You don't know what you are shipping until you know what you are not shipping.

Epilogue: It is painful to spend weeks and in some cases months or years of your time working on a feature to have it cut in whole or in part, but in the end, it is better for the customer to have your imperfect product in their hands than to still be working passionately on a product they will never get because it will never be perfect or bug free. Trust me when I say that developers feel customer pain. We probably feel your pain more than you realize - we had to suffer through cuts of some really cool features in order to ship the features that you have in time to make a release date. Key danger signs that your group is not going to ship is when you talk to your senior managers and find that they don't have the ability to say, "No, we're not doing super cool feature #. We spent # time investigating it, but couldn't get it to work right, and it is cut in favor of getting more basic and more important work that we just can't ship without to be high quality and stable." Managing a successful product means knowing how to make the painful cuts necessary to ship the right product.

** Disclaimer: A bug in the context of this post means any feature of a product which works poorly from the perspective of the person who reported it to the product development team or the person in the product development team who filed the bug in the bug database.

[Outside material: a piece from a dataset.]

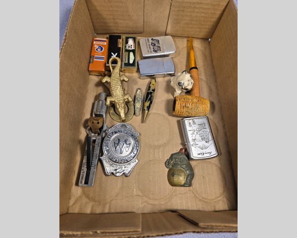 Value assessment based on visible quantity (approximately 40-50+ lighters) and variety. Risqué/novelty lighters typically sell for $5-25 each retail depending on condition and rarity. Some premium pieces visible (military badges, figural designs) could be $20-50 individually. Condition appears mixed with wear. Bulk lots typically sell below individual piece value. Key value drivers would be any rare Zippo designs, quality figural pieces, or unusual advertising lighters. The risqué category has a niche collector market but isn't as strong as vintage Zippo or premium table lighters. |

This posting is provided "AS IS" with no warranties, and confers no rights.

Comments

  • Anonymous
    October 23, 2007
    PingBack from http://www.soundpages.net/computers/?p=4115

  • Anonymous
    March 31, 2009
    From elsewhere in the collective.

  • Anonymous
    March 31, 2009
    Due to pressure from friends after being linked from today's post from Raymond Chen (his blog is great, go read it sometime), I have re-enabled comment posting.

  • Anonymous
    April 01, 2009
    Wow, at first I thought this was going to be a dry article but I actually read it all the way through and found it very interesting.  Thanks for taking the time to shed the light for all us customers out there who have been disappointed in a missing feature or a "why did they do it that way?".   At least now I can see things from the other party's perspective.